How To Help When It Comes To Men Sharing Their Personal Issues
The Good Men Project have some useful tips on how to help a man who needs to talk and several of their suggestions are very relevant for anyone a guy might ask for help, not just therapists. Here are 10 suggestions below, in no particular order:
- 1/ Acknowledge that it can be difficult for a guy to confide in someone or ask for help when he’s having problems. Holly Sweet says many guys would rather have a root canal than talk to someone about their problems.
- 2/ Don’t assume he’s good at talking about his problems, even though he wants to talk.
- 3/ Give him time to gather his thoughts and find the right words. This may mean your conversation is punctuated by silences that are longer than usual; that’s okay.
- 4/ Don’t assume he knows what to expect from this type of conversation; if the thing he’s talking about is complicated, you may need to be explicit about the fact that the two of you can’t deal with all of it in a single conversation and that you’ll need to talk more at another time.

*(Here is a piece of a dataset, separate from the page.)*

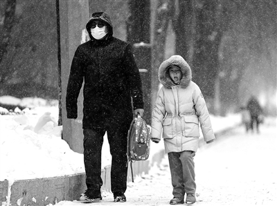 继11月6日遭遇暴雪天气之后,11月8日,黑龙江哈尔滨又迎来降雪天气。图为一名小女孩伸出舌头舔雪。 新华社发

- 5/ He may not know specifically what to do, but he probably wants to. This is most obvious if the problem is about a relationship (family, work, romantic, etc.). Given that we do a pretty poor job of teaching boys and men how relationships work, he may not have a good idea of how to actually start a conversation about Topic X or what to do to “re-establish trust,” for example.
- 6/ He may not follow your advice or come back for round two, even though you both know it was good advice and further conversation would be helpful. There are many possible reasons, from the difficulty of asking for help, to concerns that he may become overly reliant on your advice (and thus lose his independence), to his decision to pursue a different approach, to … you name it. There’s also the possibility that you will be—or are being—seen as some type of threat to other important people in his life. Whatever happens, try not to take it personally; the lack of a second conversation probably isn’t about you.

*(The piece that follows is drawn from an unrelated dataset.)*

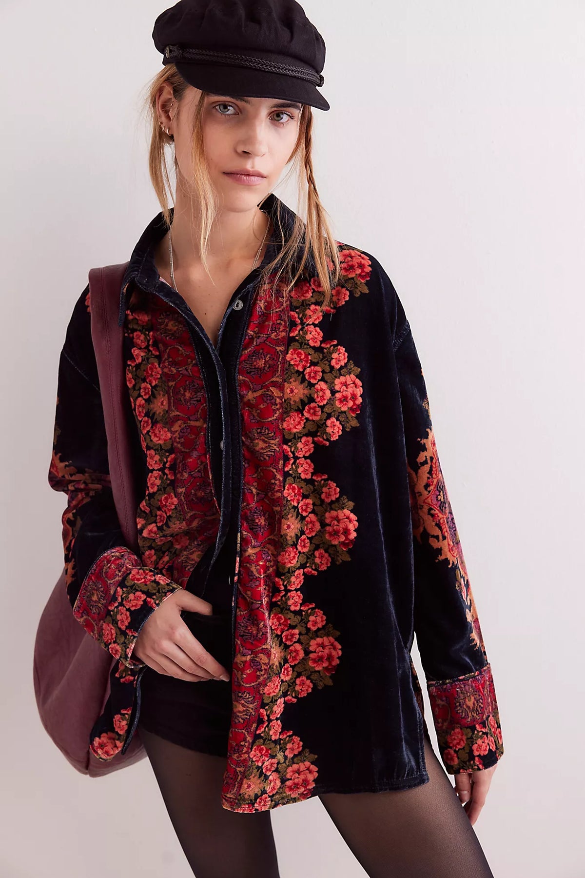 The Free People We The Free One Night Velvet Top in Night Owl Combo s a luxe yet laid-back piece designed to elevate your everyday wardrobe. Crafted in plush velvet, it offers a soft hand feel with a touch of structure, giving it that perfect balance between comfort and sophistication.

- 7/ Don’t assume he’s a stereotypical guy. Even though he may fit some parts of the stereotype, he probably doesn’t fit it 100%. And even if he does, there are lots of things the stereotype doesn’t really address, such as feelings about children or parents.
- 8/ Don’t expect him to use feeling words—even “happy” or “sad”—with any regularity. In general, we teach boys not to think about their feelings, not to understand their own behaviour in terms of emotions, discuss their own personal issues, and not to think about other people in emotional terms, so he might not be comfortable with those words. If you desperately need to hear those terms, that’s your problem, not his.
- 9/ In general, and especially for therapists, don’t assume you—or the broader “we”—know everything there is to know about male socialization. Although the research was biased towards men until about 1980, it tended to ignore issues unique to men. In the last three decades, there’s been much more female-specific than male-specific writing. As a result, we don’t have a good overview of what male development or behaviour looks like in the current day; it’s certainly changed from where it was forty years. Get educated (and keep reading The Good Men Project).
- 10/ Be aware of your own feelings, especially if you’re offering help on a regular basis. In the therapy world, this is countertransference: a therapist’s feelings regarding their client. Although we typically think about this in terms of romantic or sexual attraction—and there have been plenty of movies about that—you might find that he reminds you of a family member, co-worker, friend, etc., for good or for bad. If that’s happening, you need to recognize it for what it is and find a way to deal with it.